[Stored data]
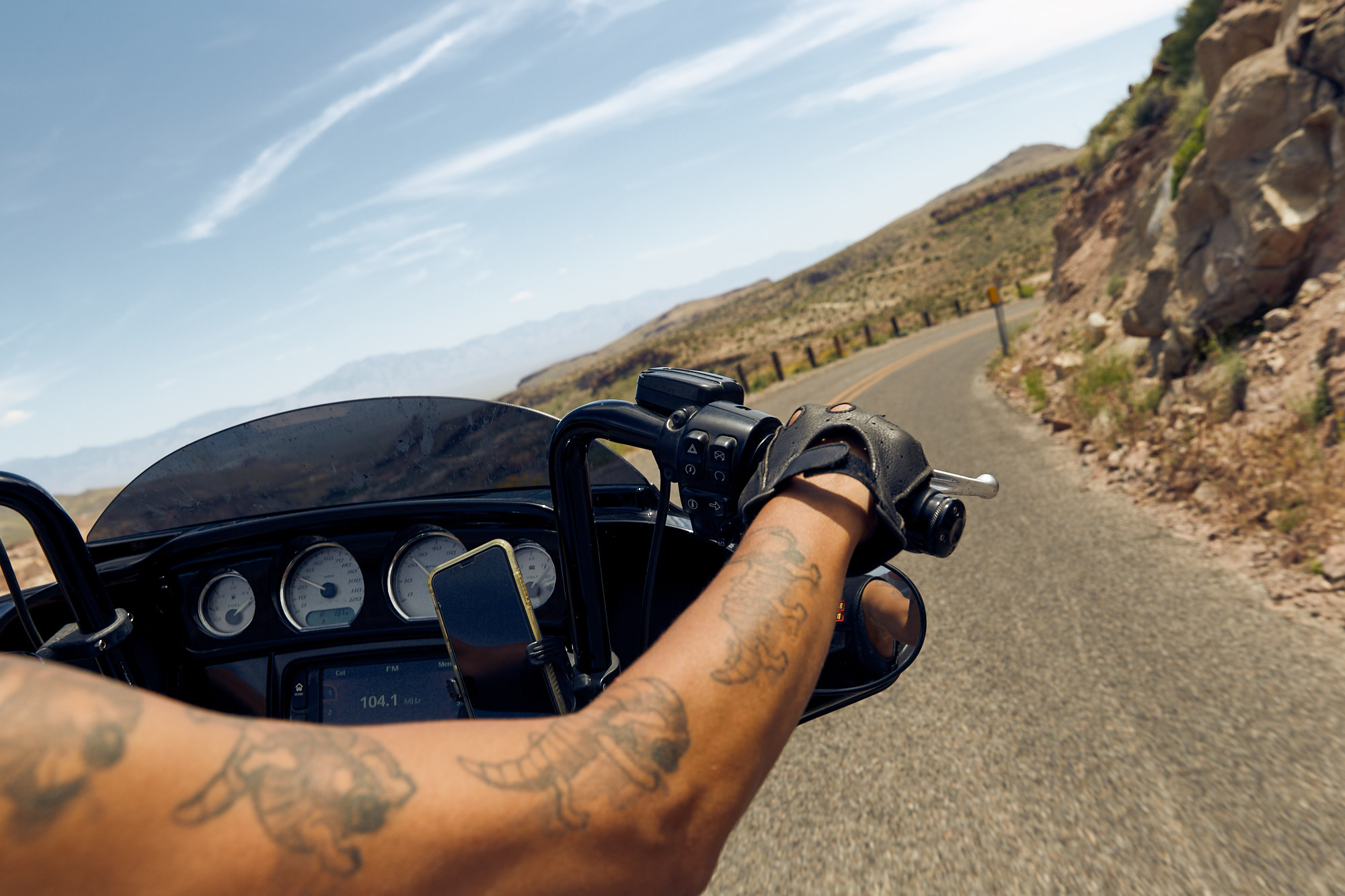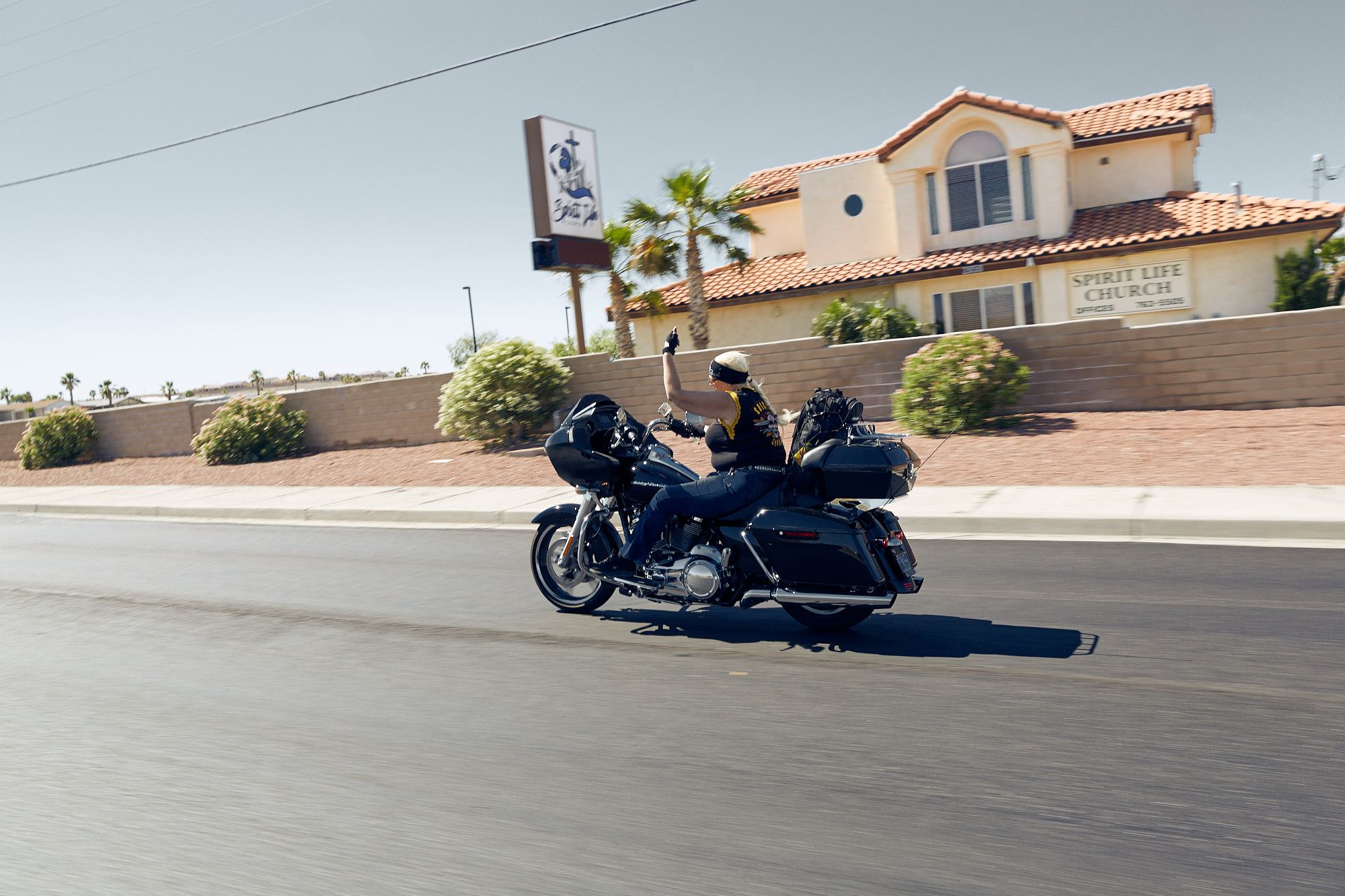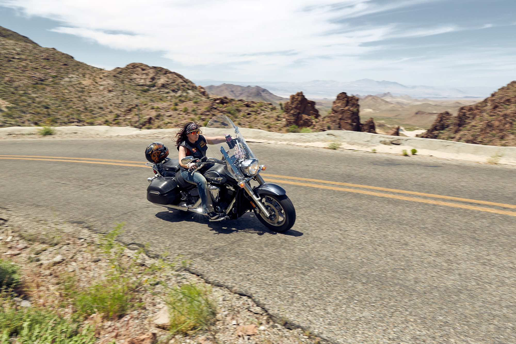 A small female motorcycle group called »Suicide Squad« invited me to join them at the »Laughlin River Run 2019«. I accepted and my first motorcycle trip ever started – roaring Harleys, 103° Fahrenheit and a lot of wind in the face. We rode the bikes through Arizona and Nevada. A story shot by the male on the bitch pad.
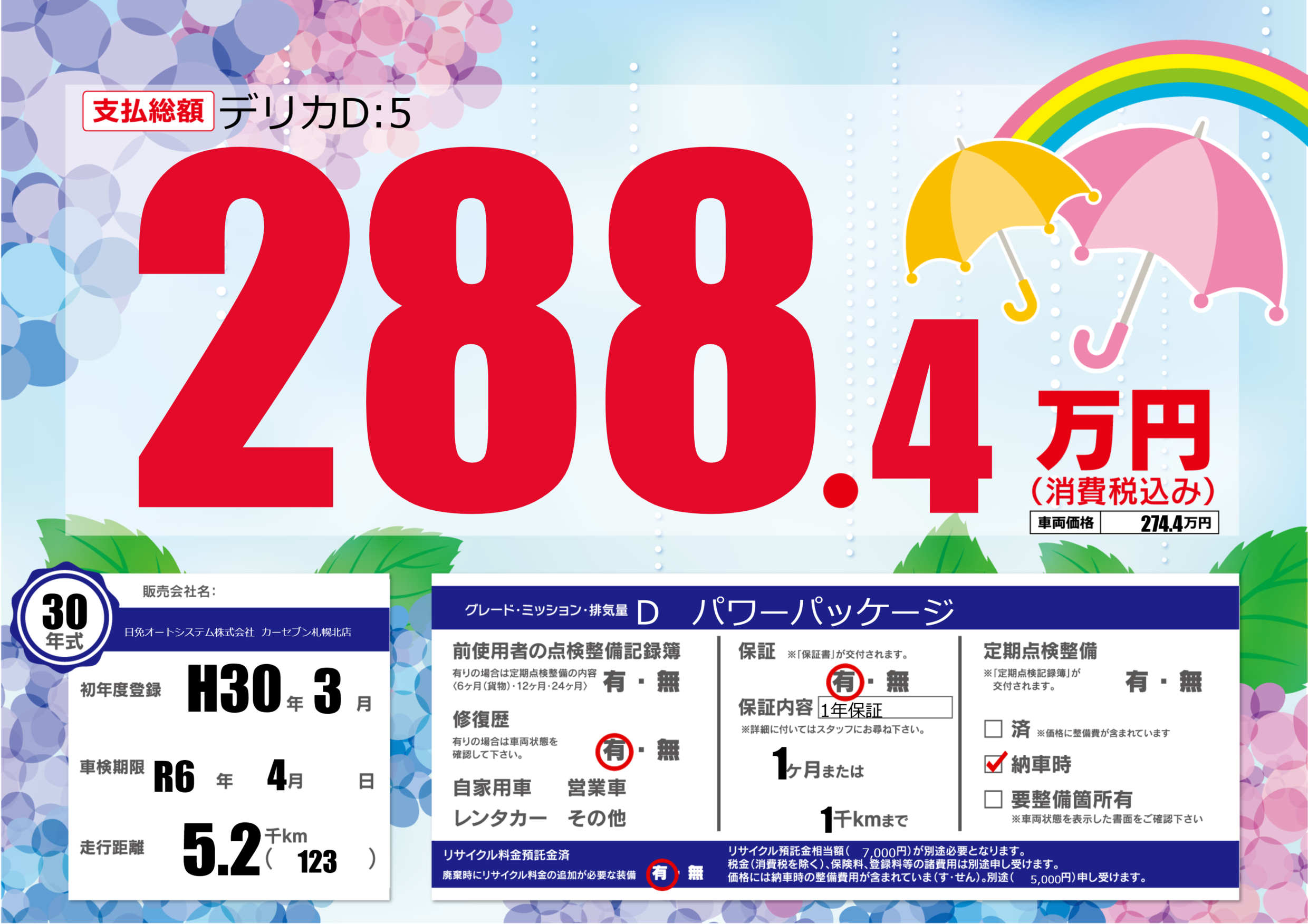| 車名 | デリカD:5 | グレード ミッション 排気量 |
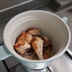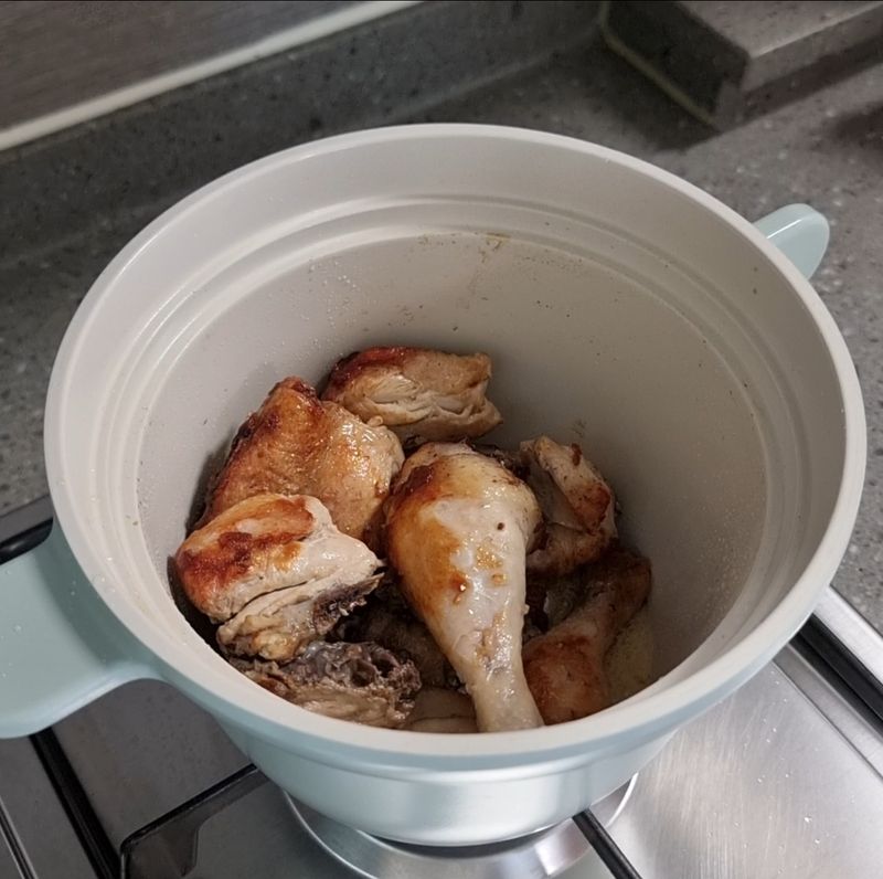 ✦센불에서 1분 동안 예열된 팬에 포도씨유 4스푼을 두르고 손질한 닭을 넣어 양면 골고루 지져주세요. (5분)
[/Stored data]
_Work to complete_: Exact copy, no pictures: reproduce the whole listing above.

_Solution below_:
 A small female motorcycle group called »Suicide Squad« invited me to join them at the »Laughlin River Run 2019«. I accepted and my first motorcycle trip ever started – roaring Harleys, 103° Fahrenheit and a lot of wind in the face. We rode the bikes through Arizona and Nevada. A story shot by the male on the bitch pad.
| 車名 | デリカD:5 | グレード ミッション 排気量 |
 ✦센불에서 1분 동안 예열된 팬에 포도씨유 4스푼을 두르고 손질한 닭을 넣어 양면 골고루 지져주세요. (5분)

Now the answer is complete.